When you find the line with "Mit dem Rücksetzer" among the records below, reproduce it and each line after it exactly, ending with the line with "Fill up your".

- [Material provided]:
::::::

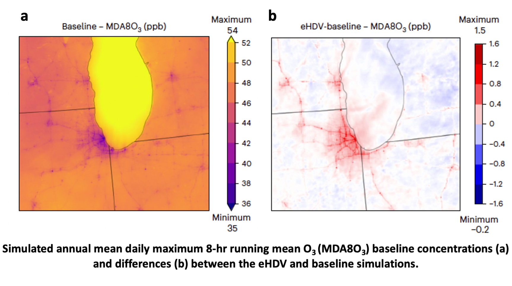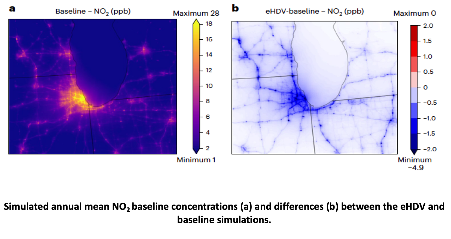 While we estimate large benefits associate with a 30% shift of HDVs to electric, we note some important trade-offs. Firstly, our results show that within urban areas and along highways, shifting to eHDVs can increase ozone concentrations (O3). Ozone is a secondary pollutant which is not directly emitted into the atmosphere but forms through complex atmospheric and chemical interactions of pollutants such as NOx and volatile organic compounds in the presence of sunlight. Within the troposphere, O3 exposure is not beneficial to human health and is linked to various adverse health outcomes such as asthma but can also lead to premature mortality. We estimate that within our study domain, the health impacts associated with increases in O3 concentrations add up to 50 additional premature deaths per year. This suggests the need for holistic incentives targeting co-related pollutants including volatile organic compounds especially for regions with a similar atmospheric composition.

::::::

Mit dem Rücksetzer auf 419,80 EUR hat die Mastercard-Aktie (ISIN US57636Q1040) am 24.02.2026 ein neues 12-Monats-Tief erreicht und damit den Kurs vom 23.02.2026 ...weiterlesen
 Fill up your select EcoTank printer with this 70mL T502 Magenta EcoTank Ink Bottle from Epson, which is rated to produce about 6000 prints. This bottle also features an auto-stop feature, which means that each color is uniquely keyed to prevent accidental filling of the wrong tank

::::::

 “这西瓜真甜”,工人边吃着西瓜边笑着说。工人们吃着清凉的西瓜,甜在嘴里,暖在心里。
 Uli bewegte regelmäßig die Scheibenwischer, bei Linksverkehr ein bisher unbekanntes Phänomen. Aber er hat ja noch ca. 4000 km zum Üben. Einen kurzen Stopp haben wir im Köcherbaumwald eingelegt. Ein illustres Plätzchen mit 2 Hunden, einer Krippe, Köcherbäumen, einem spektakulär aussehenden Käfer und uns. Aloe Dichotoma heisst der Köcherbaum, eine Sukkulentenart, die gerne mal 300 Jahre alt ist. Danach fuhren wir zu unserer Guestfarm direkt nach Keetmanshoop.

::::::

- [Expected answer]:
Mit dem Rücksetzer auf 419,80 EUR hat die Mastercard-Aktie (ISIN US57636Q1040) am 24.02.2026 ein neues 12-Monats-Tief erreicht und damit den Kurs vom 23.02.2026 ...weiterlesen
 Fill up your select EcoTank printer with this 70mL T502 Magenta EcoTank Ink Bottle from Epson, which is rated to produce about 6000 prints. This bottle also features an auto-stop feature, which means that each color is uniquely keyed to prevent accidental filling of the wrong tank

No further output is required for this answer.